> **Your objective**: Every line of the data below is to be duplicated exactly, pictures excepted.
Given material Block Start
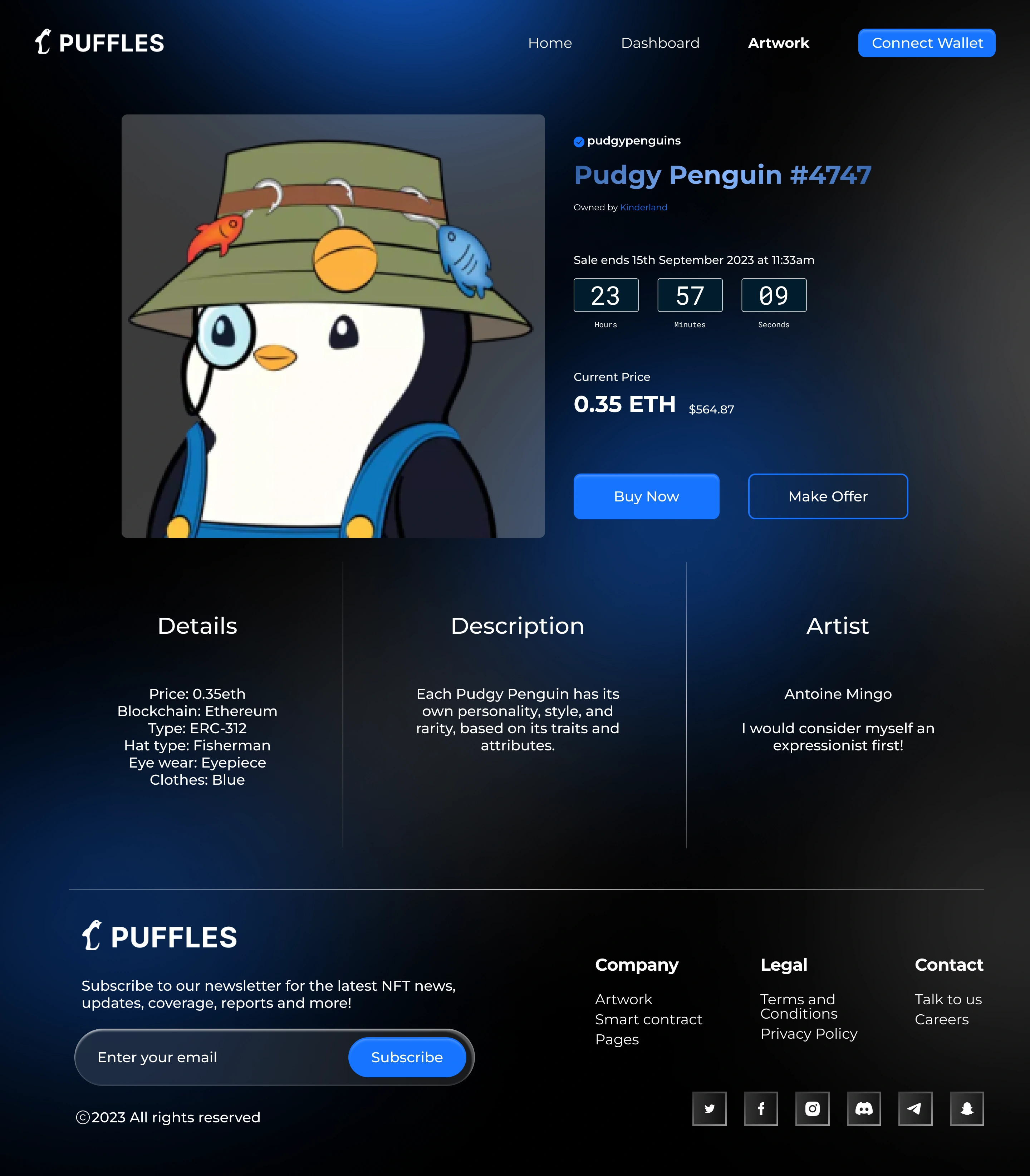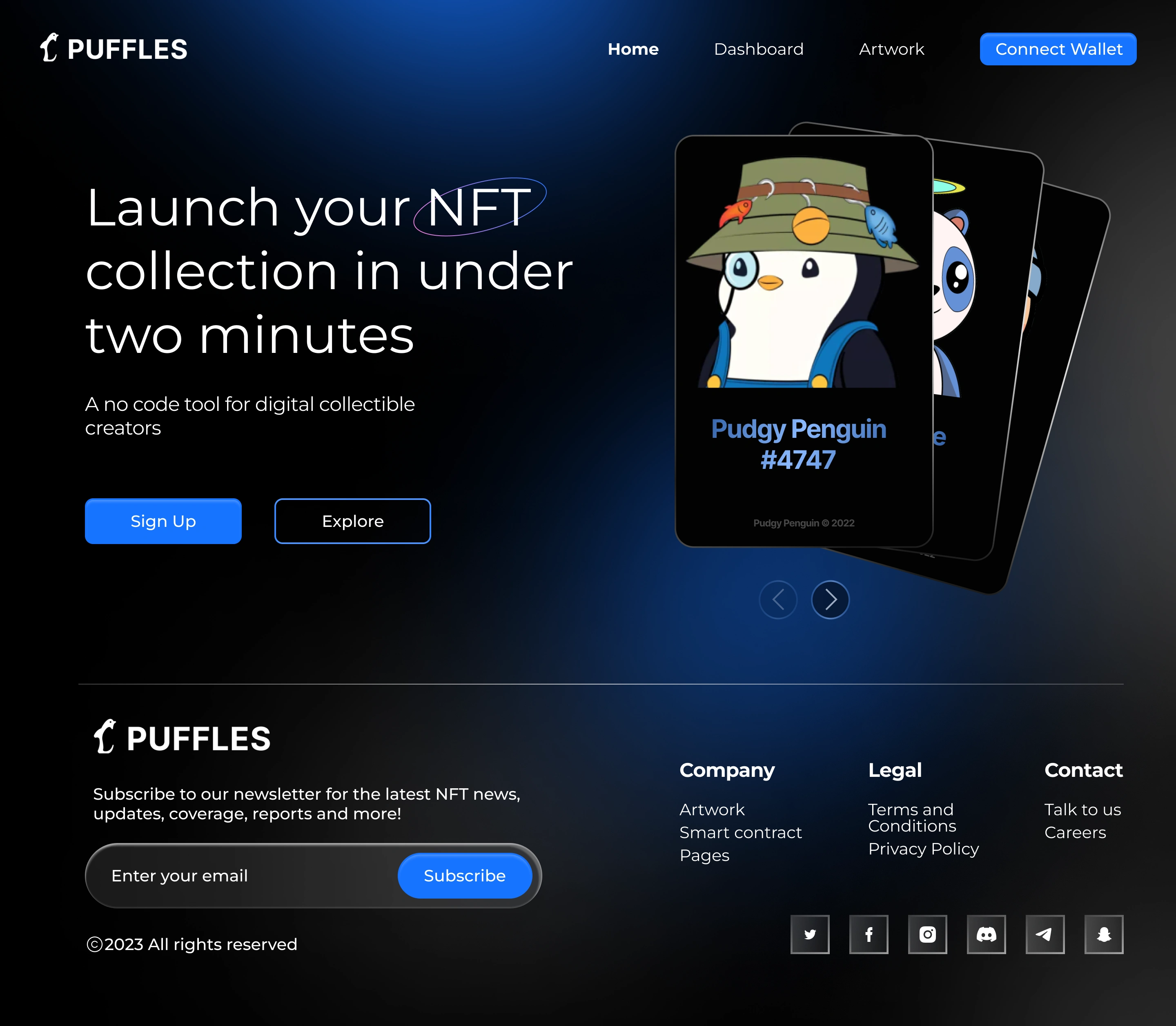 Website design for an NFT launchpad website: Hero section and mint landing page. Design theme: Glassmorphic and Dark
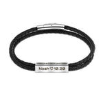 Esta pulseira de couro e aço inoxidável é personalizável com a gravação de textos, letras ou números através de tecnologia a laser. Disponível em várias cores e feita com couro e aço Inoxidável, possui largura de 6 - 8 mm e tamanho de 18 - 19 cm. Um acessório único e durável.
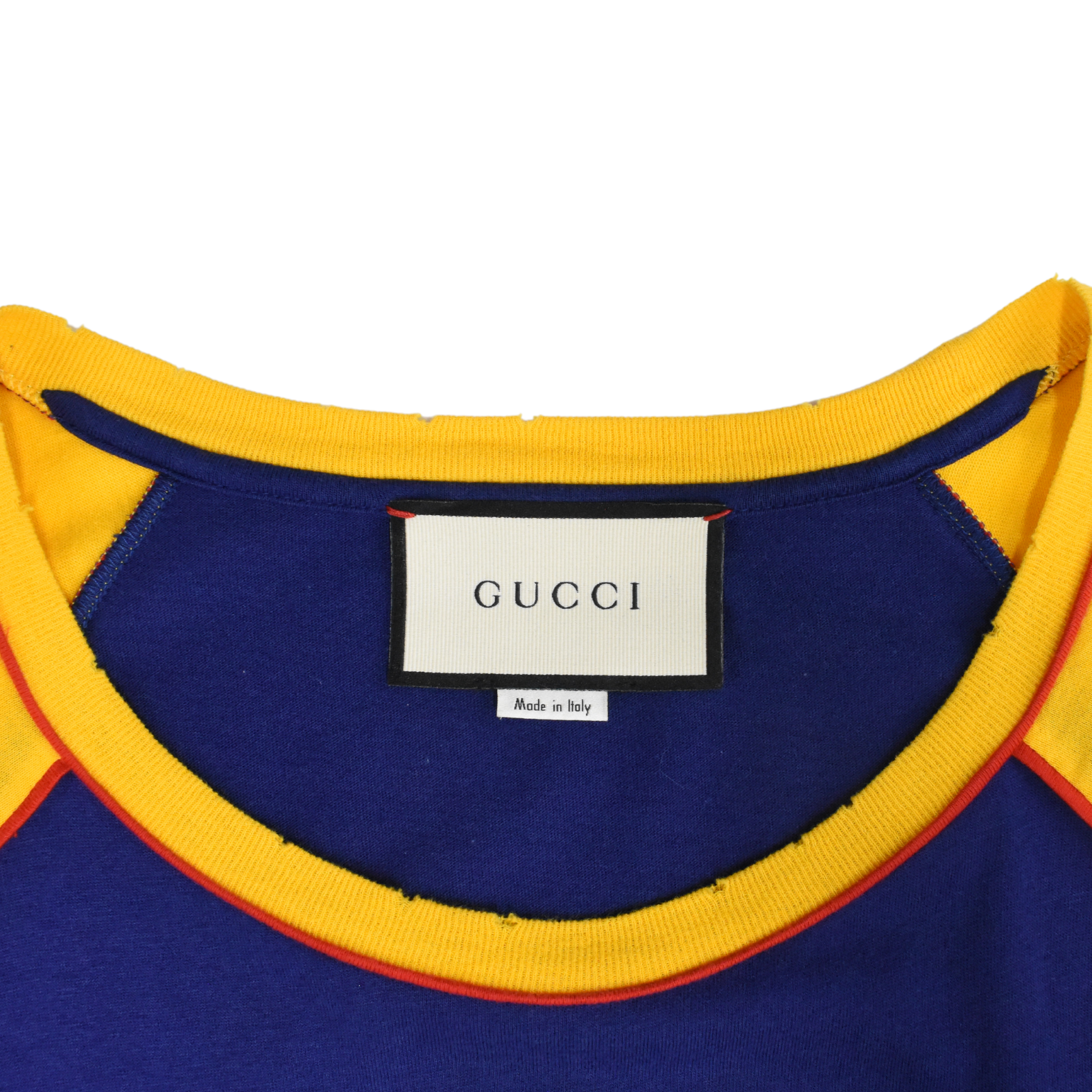 Gucci t-shirt in navy and yellow cotton with red piping, distressed hems, a 'GUCCI ANIMALIUM' text graphic, and red and black embroidered wolf decal.
Given material Block End
> **Completed exercise**:
 Website design for an NFT launchpad website: Hero section and mint landing page. Design theme: Glassmorphic and Dark
 Esta pulseira de couro e aço inoxidável é personalizável com a gravação de textos, letras ou números através de tecnologia a laser. Disponível em várias cores e feita com couro e aço Inoxidável, possui largura de 6 - 8 mm e tamanho de 18 - 19 cm. Um acessório único e durável.
 Gucci t-shirt in navy and yellow cotton with red piping, distressed hems, a 'GUCCI ANIMALIUM' text graphic, and red and black embroidered wolf decal.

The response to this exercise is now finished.